Directions for this task — Once you find the line with "Red bag with" in the entries below, print it and each line after it up to and including the line with "LEYLASER Gold Altın", exactly, without pictures.

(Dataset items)

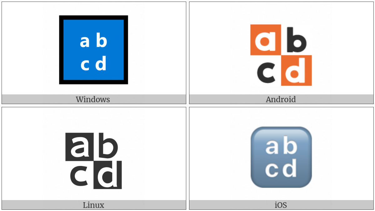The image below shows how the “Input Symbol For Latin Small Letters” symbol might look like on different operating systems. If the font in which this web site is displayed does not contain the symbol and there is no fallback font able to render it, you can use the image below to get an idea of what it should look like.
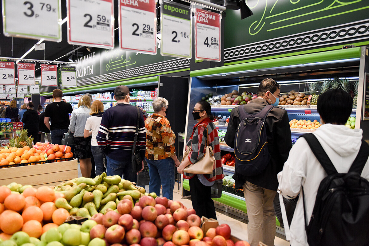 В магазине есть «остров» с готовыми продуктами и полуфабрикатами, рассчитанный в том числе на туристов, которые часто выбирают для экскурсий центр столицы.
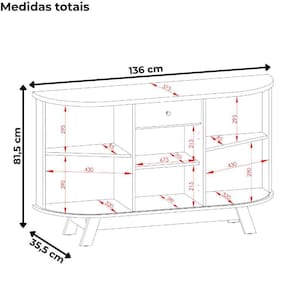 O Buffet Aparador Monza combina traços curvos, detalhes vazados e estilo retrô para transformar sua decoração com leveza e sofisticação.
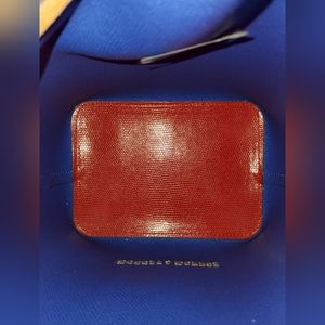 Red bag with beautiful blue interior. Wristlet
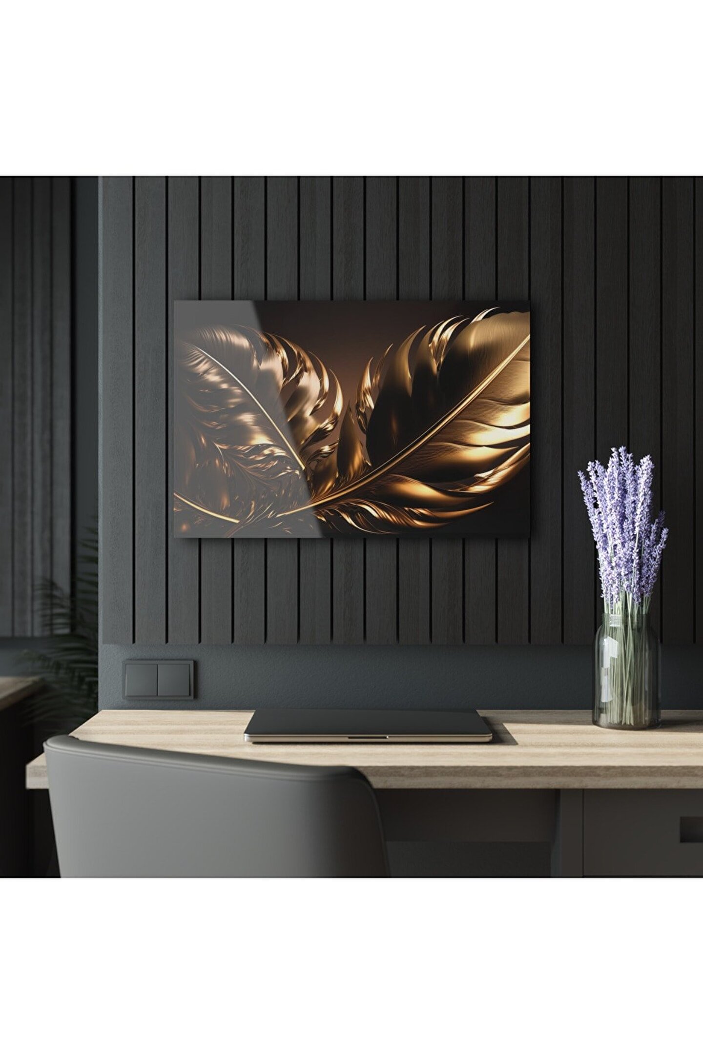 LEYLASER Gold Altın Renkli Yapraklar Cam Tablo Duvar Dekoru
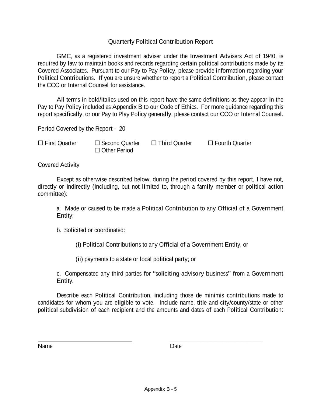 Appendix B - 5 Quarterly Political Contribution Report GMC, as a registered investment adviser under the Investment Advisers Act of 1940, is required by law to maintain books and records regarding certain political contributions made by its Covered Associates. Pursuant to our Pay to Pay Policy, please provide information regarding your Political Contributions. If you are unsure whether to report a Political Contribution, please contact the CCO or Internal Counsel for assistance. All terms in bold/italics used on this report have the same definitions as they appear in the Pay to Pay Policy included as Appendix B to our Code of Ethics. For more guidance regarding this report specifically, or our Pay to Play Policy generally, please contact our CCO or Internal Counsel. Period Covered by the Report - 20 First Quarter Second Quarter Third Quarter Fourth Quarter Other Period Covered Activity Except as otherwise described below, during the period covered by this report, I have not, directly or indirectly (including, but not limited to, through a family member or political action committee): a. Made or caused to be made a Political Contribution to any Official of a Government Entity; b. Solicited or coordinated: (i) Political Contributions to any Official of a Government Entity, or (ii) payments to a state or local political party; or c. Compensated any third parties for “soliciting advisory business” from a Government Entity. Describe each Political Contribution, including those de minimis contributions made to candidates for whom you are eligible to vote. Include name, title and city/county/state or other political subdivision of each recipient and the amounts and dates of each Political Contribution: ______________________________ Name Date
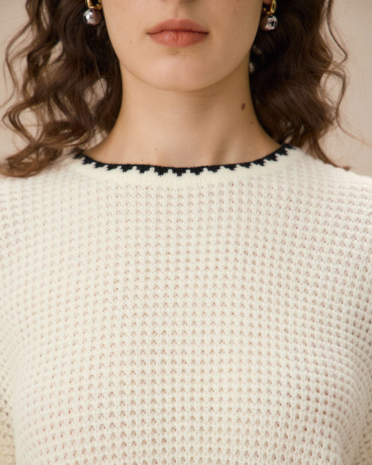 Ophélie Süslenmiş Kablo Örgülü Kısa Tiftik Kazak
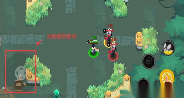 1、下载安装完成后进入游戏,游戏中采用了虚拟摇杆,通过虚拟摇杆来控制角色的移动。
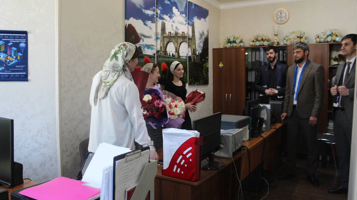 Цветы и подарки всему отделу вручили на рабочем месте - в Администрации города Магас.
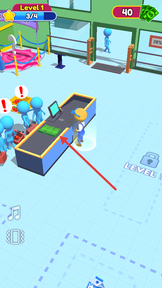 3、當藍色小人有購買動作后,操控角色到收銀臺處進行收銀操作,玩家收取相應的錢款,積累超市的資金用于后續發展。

==

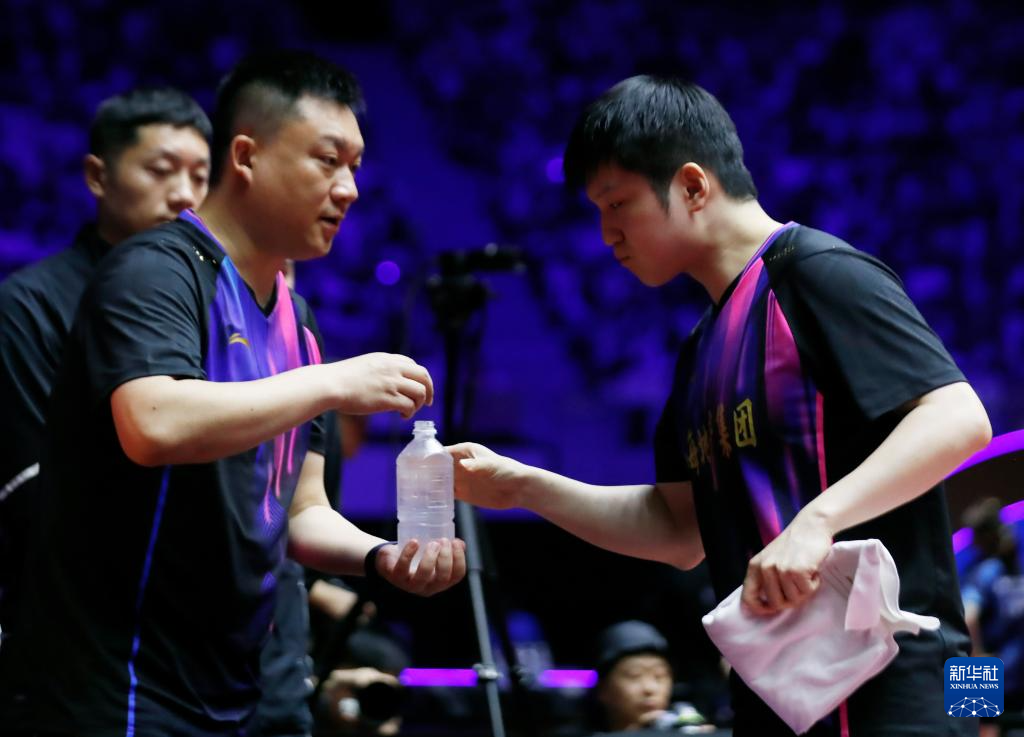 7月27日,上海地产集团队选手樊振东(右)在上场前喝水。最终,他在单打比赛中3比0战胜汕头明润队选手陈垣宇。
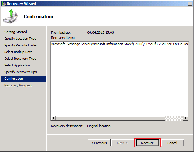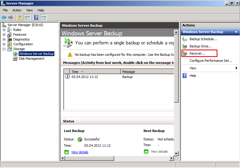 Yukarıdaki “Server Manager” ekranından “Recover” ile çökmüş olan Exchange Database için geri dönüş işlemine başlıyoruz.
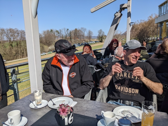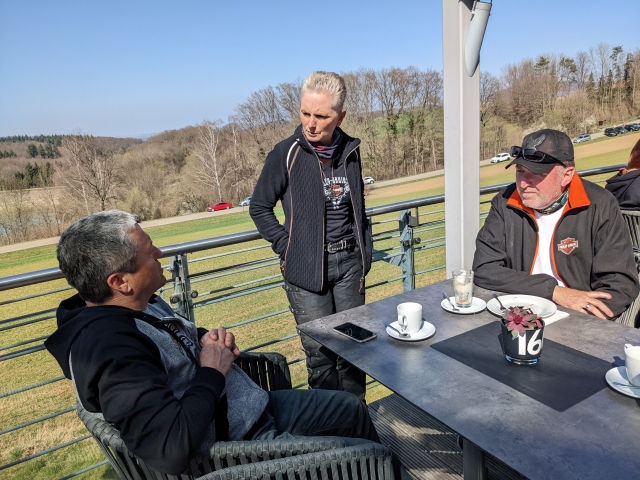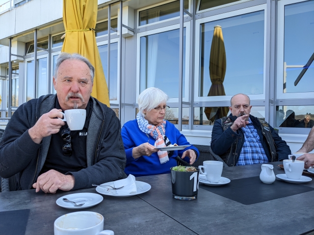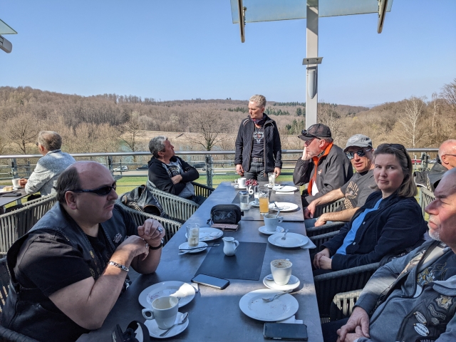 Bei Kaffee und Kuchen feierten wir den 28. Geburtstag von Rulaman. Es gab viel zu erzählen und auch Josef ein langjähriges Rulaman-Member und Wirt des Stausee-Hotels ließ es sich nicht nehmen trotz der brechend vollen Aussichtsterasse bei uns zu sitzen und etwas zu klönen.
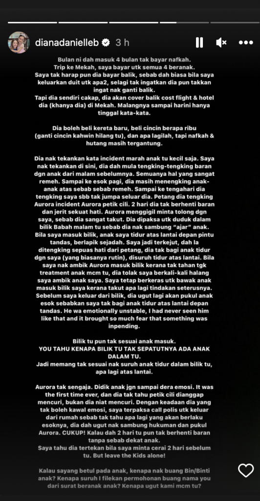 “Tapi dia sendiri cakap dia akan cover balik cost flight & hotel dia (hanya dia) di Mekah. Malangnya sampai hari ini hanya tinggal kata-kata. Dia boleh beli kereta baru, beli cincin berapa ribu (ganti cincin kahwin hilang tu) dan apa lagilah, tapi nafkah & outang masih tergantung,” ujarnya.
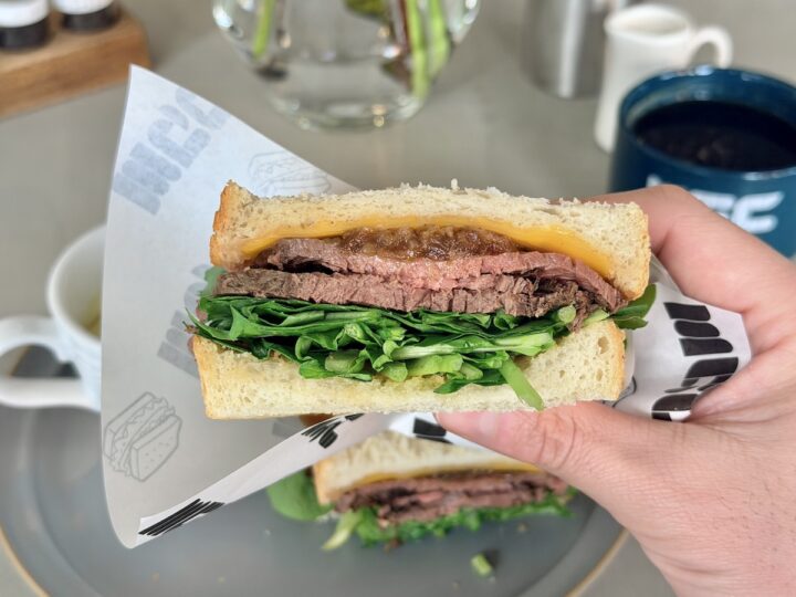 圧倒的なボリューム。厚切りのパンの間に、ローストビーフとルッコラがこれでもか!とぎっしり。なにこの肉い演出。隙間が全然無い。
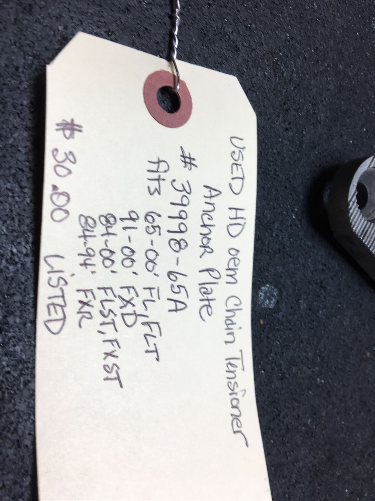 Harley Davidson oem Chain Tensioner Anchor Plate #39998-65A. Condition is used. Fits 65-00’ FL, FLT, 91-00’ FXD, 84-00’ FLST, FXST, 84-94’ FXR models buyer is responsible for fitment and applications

Answer space —
 Red bag with beautiful blue interior. Wristlet
 LEYLASER Gold Altın Renkli Yapraklar Cam Tablo Duvar Dekoru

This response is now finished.